When I finally resigned myself to the fact that each new episode of Glee would be slightly more mediocre than the one before it, I began looking for another TV show to follow. Thankfully, I happened across ABC’s V, a taut sci-fi thriller that has shown more potential in its first two episodes than most shows do in a season.
V tells the story of a group of aliens, or “visitors” as they call themselves, who suddenly appear in huge motherships parked over twenty-nine of the world’s major cities. The visitors are all beautiful and they immediately attract a following among awestruck earthlings with their advanced technology. They also begin healing terminal diseases, organizing youth groups and petitioning world governments to give them visas so they can move freely across the globe.
Of course, not everyone believes the visitors are entirely benevolent. Erica Evans (Elizabeth Mitchell) is an FBI agent whose terror investigation becomes strangely intertwined with the visitors’ arrival. Likewise, Jack Landry (Joel Gretsch), a Catholic priest who can’t see how the visitors fit into God’s plan, encourages people to be suspicious of the aliens. Eventually, it’s revealed that the visitors do in fact have some nefarious secrets and the series will presumably follow the cast as they choose sides and try to figure out whom to trust.
As a sci-fi series, V includes the requisite spaceships and advanced technology that dominate the genre, but the show’s appeal lies in the fact that it’s more social drama than space opera. For example, though the first episode reveals that the aliens are less human than they look, the show has yet to include any wild-looking, Star Wars-esque creatures. Everyone looks human, which both heightens the show’s sense of paranoia and avoids cheesiness.

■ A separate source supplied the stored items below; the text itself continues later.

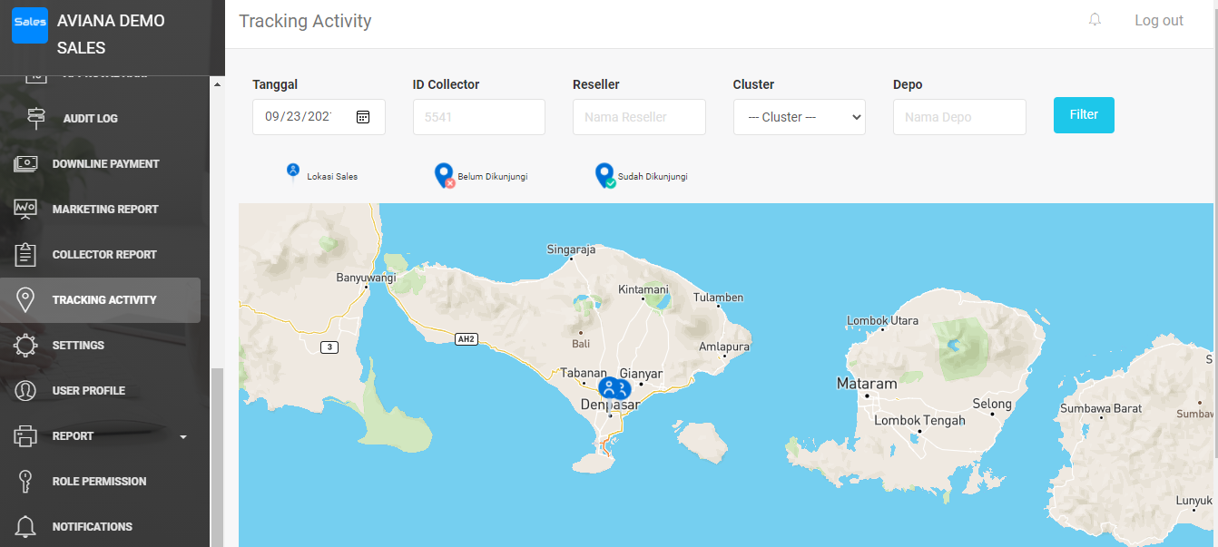 Menu tracking activity berfungsi untuk menampilkan titik koordinat salesman berdasarkan Geo tack secara realtime.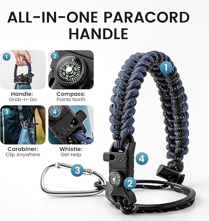 - Adventure Ready Paracord Handle: RAYMYLO 1/3 gallon water jug features a stylish color-coordinated paracord handle with a built-in compass and carabiner clip. This reusable water bottle's paracord handle is lightweight, durable, and perfect for hands-free carrying during hikes, cycling, or camping. Grab & go for spontaneous adventures under the stars!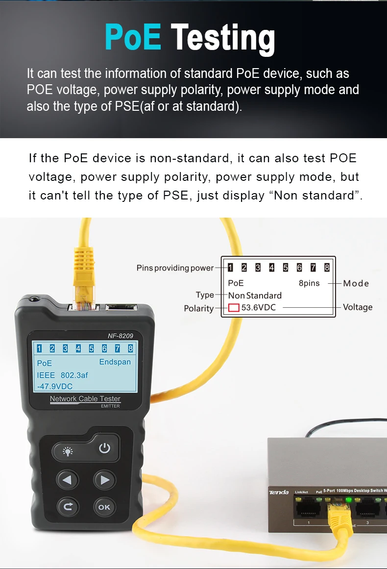 Comprar NOYAFA-probador de Cable de red de NF-8209, probador Lan RJ45, probador de Cable Lan, rastreador de cables, herramienta de prensado Ethernet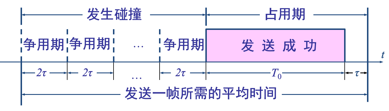 一个帧从开始发送,经可能发生的碰撞后,将再重传数次,到发送成功且信道转为空闲时为止,是发送一帧所需的平均时间。 信道利用率可以表示为:T0/发送一帧所需的平均时间。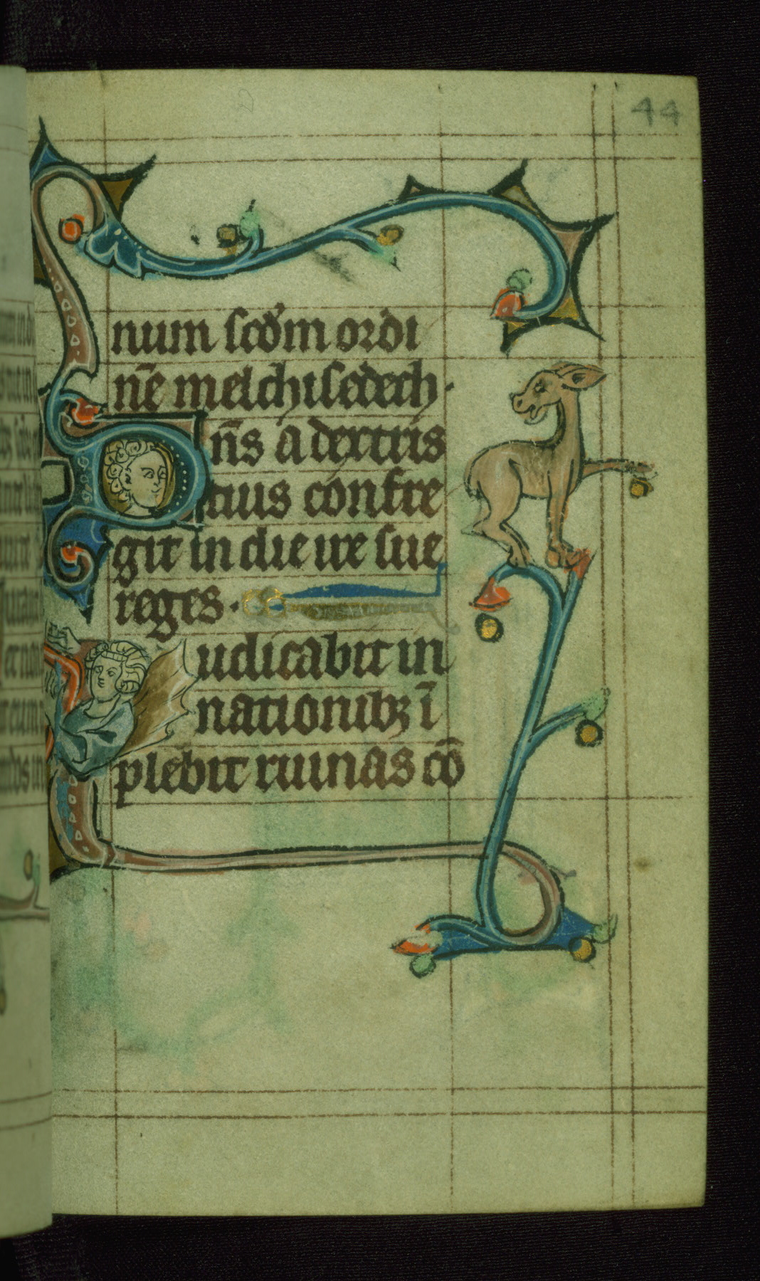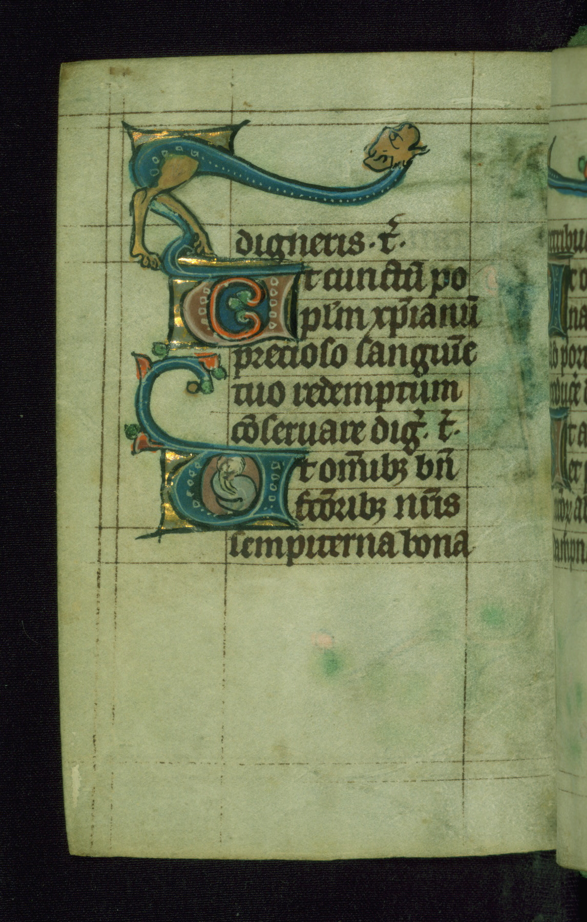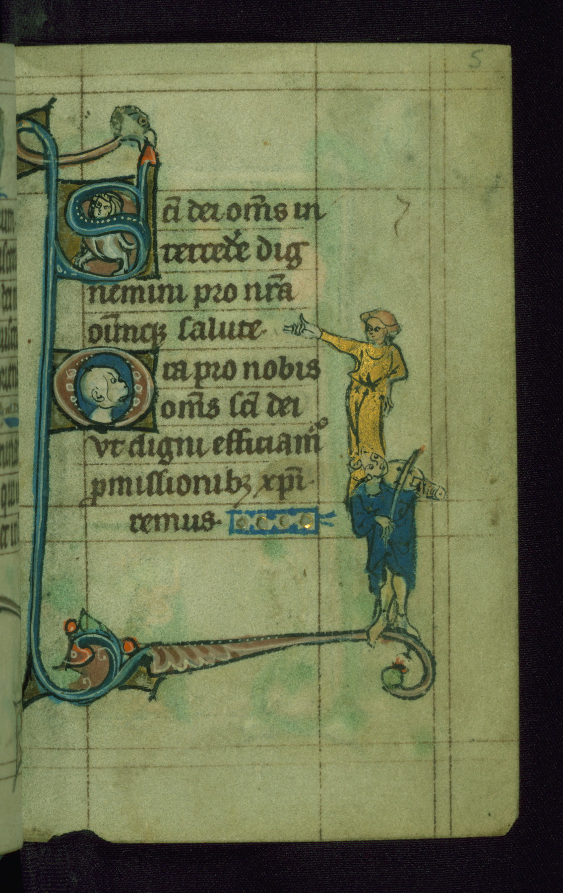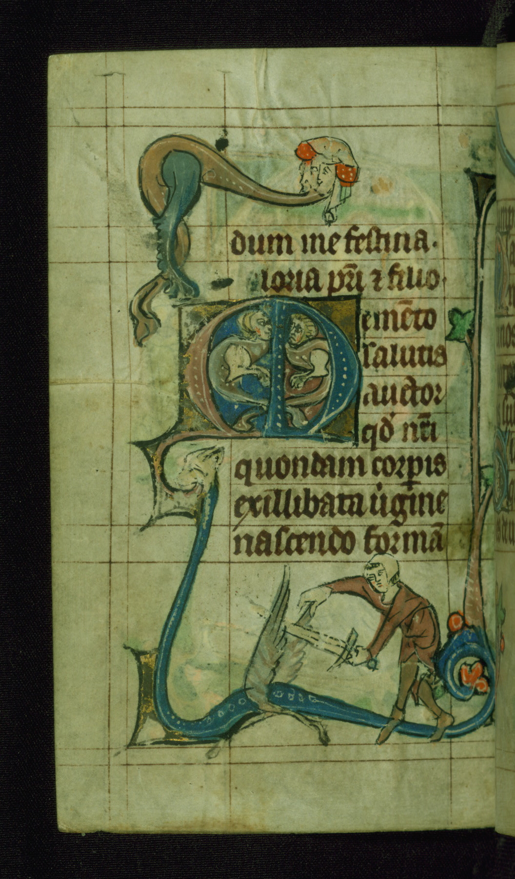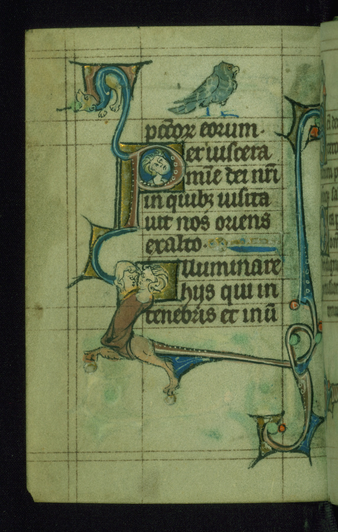 This fragmentary Book of Hours was created in Ghent ca. 1300 for the use of a woman with Dominican ties. Although quite a bit of text and imagery is missing, including the calendar and Office of the Dead, this tiny manuscript is lavishly decorated on nearly every page with marginal drolleries and grotesques, making it a rich and charming book even in its fragmentary state.

Similarly, while the show includes scenes on the sleek spaceships, most of the story follows the (much grittier) lives of the humans as they try to navigate a culture that may or may not be saturated with aliens, terrorists and informants. In the end, then, V is sci-fi at its best: an exploration of contemporary political anxiety and social tension. Borrowing from its roots as a 1980s allegory for fascism, the show depicts a morally complex world in which the aliens are merely place-holders for real-world fear, xenophobia and globalization. Some, including Slate’s Tony Patterson, have pointed out that this allegory may in fact be an indictment of the Obama administration but, if nothing else, the show’s premise has the potential to explore an array of political topics as it continues to unfold.
For all its appeal, V isn’t perfect. Some of the requisite special effects are fantastic, but others betray the limited budget of a television show. The spaceships are believable enough, for example, but some of the alien devices that zip through the streets of New York are less so. Furthermore, the show isn’t based on a particularly original premise. This fact is highlighted in the pilot episode when two teenagers are interviewed on the news and comment that what they’re seeing is just like the movie Independence Day, which, they say, was itself a knock-off of countless other alien-invasion movies. The moment is telling, because V is indeed borrowing a common sci-fi premise and because its producers seem to realize (and relish) that fact. Still, these elements are forgivable because of the series’ priority on story over spectacle.
V is still in its earliest stages and there is plenty of time for the show to soar — or make a crash landing. Yet in a TV environment that so often lacks entertaining shows that are also socially relevant, V earns its keep and is definitely worth watching.
New episodes of V air Tuesday nights on ABC and are posted to Hulu the following Saturday.